* [Your objective]: Everything in the data should be repeated exactly, save for the images.

* [Raw data]:
────────────────────────────────────────
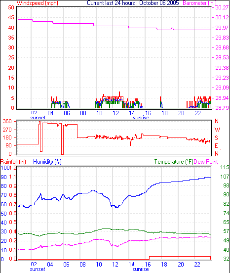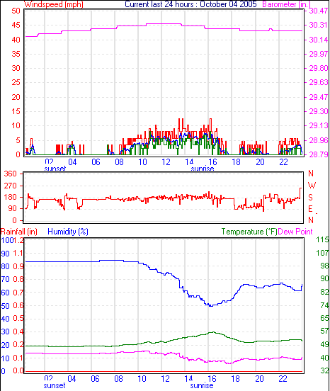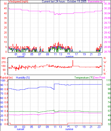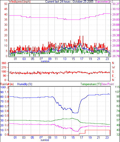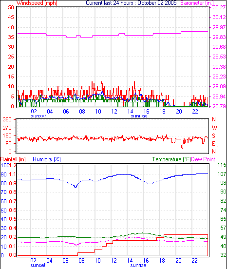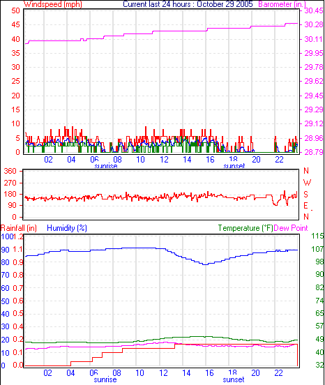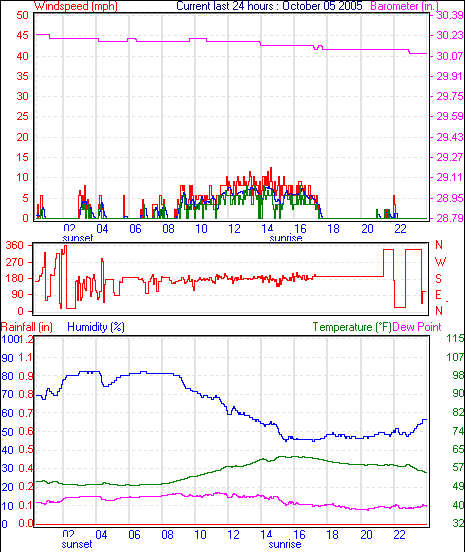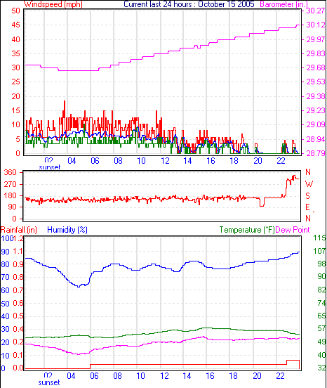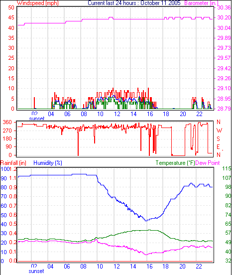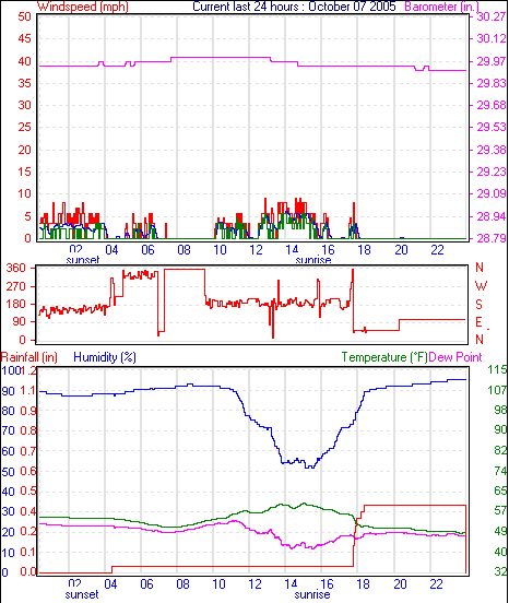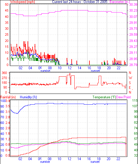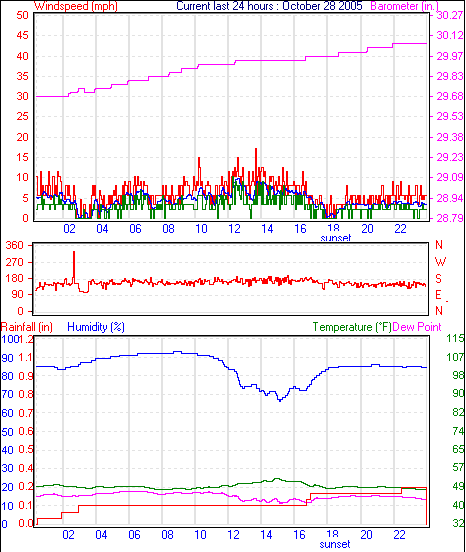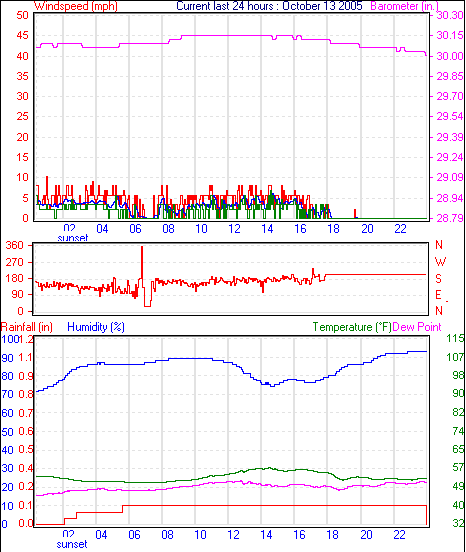 Averages\Extremes for the month of October to 31 2005 --------------------------------------------------- Average temperature 52.8 °F (11.6 °C) Average humidity 82 % Average dewpoint 47.0 °F (8.3 °C) Average barometer 30.045 in. Average windspeed 2.2 mph Average gustspeed 3.2 mph Average direction 166 ° (SSE) Rainfall for month 3.898 in. (97 mm) Rainfall for year 5.236 in. (131 mm) ----------------------------------------------------------- Maximum rain per minute 0.079 in. ( 2 mm) on day 31 at time 06:20 Maximum temperature 66.7 °F (19.3 °C) on day 21 at time 17:18 Minimum temperature 38.5 °F (3.6 °C) on day 27 at time 08:11 Maximum humidity 97 % on day 08 at time 03:06 Minimum humidity 41 % on day 21 at time 22:03 Minimum pressure 29.648 in. on day 15 at time 06:41 Maximum pressure 30.386 in. on day 30 at time 11:24 Maximum windspeed 14.0 mph from 179 on day 25 at time 17:00 Maximum gust speed 23.0 mph from 174 on day 25 at time 16:42 Maximum heat index 79.2 °F (26.2 °C)on day 22 at time 17:21 Growing degrees days : 156.4 °F ------------------------------------------------------------ Daily rain totals 0.039 in. (1.0 mm) on day 1 0.276 in. (6.9 mm) on day 2 0.079 in. (2.0 mm) on day 3 0.039 in. (1.0 mm) on day 6 0.394 in. (9.9 mm) on day 7 0.118 in. (3.0 mm) on day 8 0.039 in. (1.0 mm) on day 9 0.118 in. (3.0 mm) on day 13 0.236 in. (5.9 mm) on day 14 0.079 in. (2.0 mm) on day 15 0.039 in. (1.0 mm) on day 16 0.039 in. (1.0 mm) on day 19 0.079 in. (2.0 mm) on day 20 0.118 in. (3.0 mm) on day 25 0.039 in. (1.0 mm) on day 26 0.197 in. (4.9 mm) on day 27 0.236 in. (5.9 mm) on day 28 0.197 in. (4.9 mm) on day 29 0.197 in. (4.9 mm) on day 30 ------------------------------------------------------------
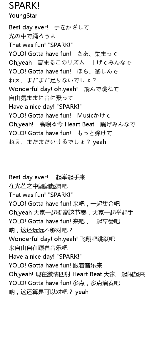 | [02:24] | YOLO! Gotta have fun! もっと弾けて |
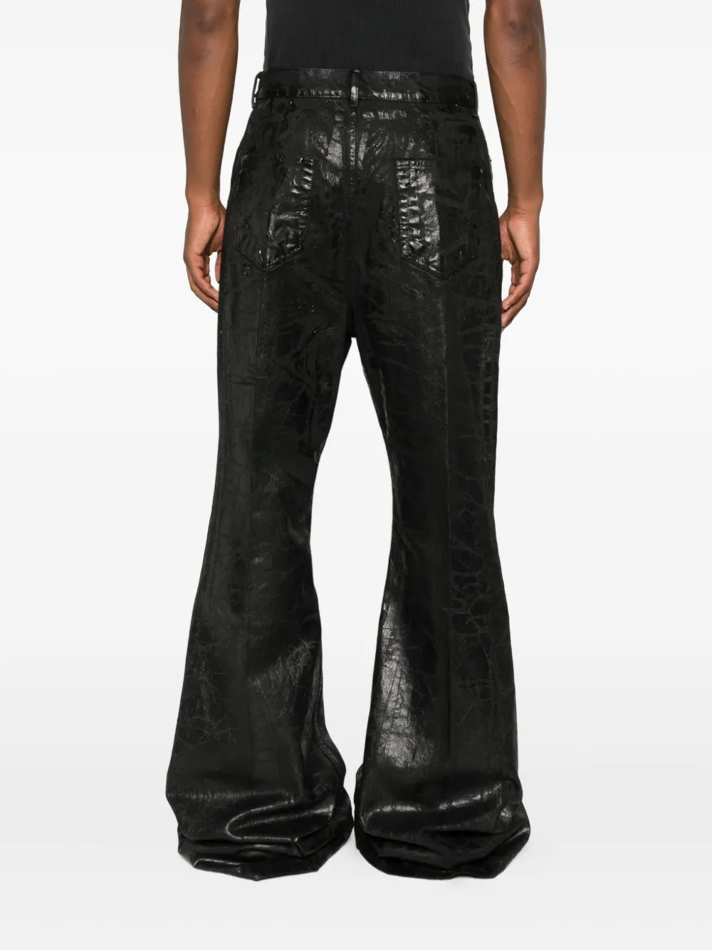 Flared trousers with a metallic effect Origin: Italy Features Black Metallic finish Flared leg Button fly Five pockets Composition Lining: 52% polyester, 48% cotton Outer: 100% cotton Washing instructions Read the manufacturer`s instructions ID RR02E1335BMC
────────────────────────────────────────
* [Exercise result]:
 Averages\Extremes for the month of October to 31 2005 --------------------------------------------------- Average temperature 52.8 °F (11.6 °C) Average humidity 82 % Average dewpoint 47.0 °F (8.3 °C) Average barometer 30.045 in. Average windspeed 2.2 mph Average gustspeed 3.2 mph Average direction 166 ° (SSE) Rainfall for month 3.898 in. (97 mm) Rainfall for year 5.236 in. (131 mm) ----------------------------------------------------------- Maximum rain per minute 0.079 in. ( 2 mm) on day 31 at time 06:20 Maximum temperature 66.7 °F (19.3 °C) on day 21 at time 17:18 Minimum temperature 38.5 °F (3.6 °C) on day 27 at time 08:11 Maximum humidity 97 % on day 08 at time 03:06 Minimum humidity 41 % on day 21 at time 22:03 Minimum pressure 29.648 in. on day 15 at time 06:41 Maximum pressure 30.386 in. on day 30 at time 11:24 Maximum windspeed 14.0 mph from 179 on day 25 at time 17:00 Maximum gust speed 23.0 mph from 174 on day 25 at time 16:42 Maximum heat index 79.2 °F (26.2 °C)on day 22 at time 17:21 Growing degrees days : 156.4 °F ------------------------------------------------------------ Daily rain totals 0.039 in. (1.0 mm) on day 1 0.276 in. (6.9 mm) on day 2 0.079 in. (2.0 mm) on day 3 0.039 in. (1.0 mm) on day 6 0.394 in. (9.9 mm) on day 7 0.118 in. (3.0 mm) on day 8 0.039 in. (1.0 mm) on day 9 0.118 in. (3.0 mm) on day 13 0.236 in. (5.9 mm) on day 14 0.079 in. (2.0 mm) on day 15 0.039 in. (1.0 mm) on day 16 0.039 in. (1.0 mm) on day 19 0.079 in. (2.0 mm) on day 20 0.118 in. (3.0 mm) on day 25 0.039 in. (1.0 mm) on day 26 0.197 in. (4.9 mm) on day 27 0.236 in. (5.9 mm) on day 28 0.197 in. (4.9 mm) on day 29 0.197 in. (4.9 mm) on day 30 ------------------------------------------------------------
 | [02:24] | YOLO! Gotta have fun! もっと弾けて |
 Flared trousers with a metallic effect Origin: Italy Features Black Metallic finish Flared leg Button fly Five pockets Composition Lining: 52% polyester, 48% cotton Outer: 100% cotton Washing instructions Read the manufacturer`s instructions ID RR02E1335BMC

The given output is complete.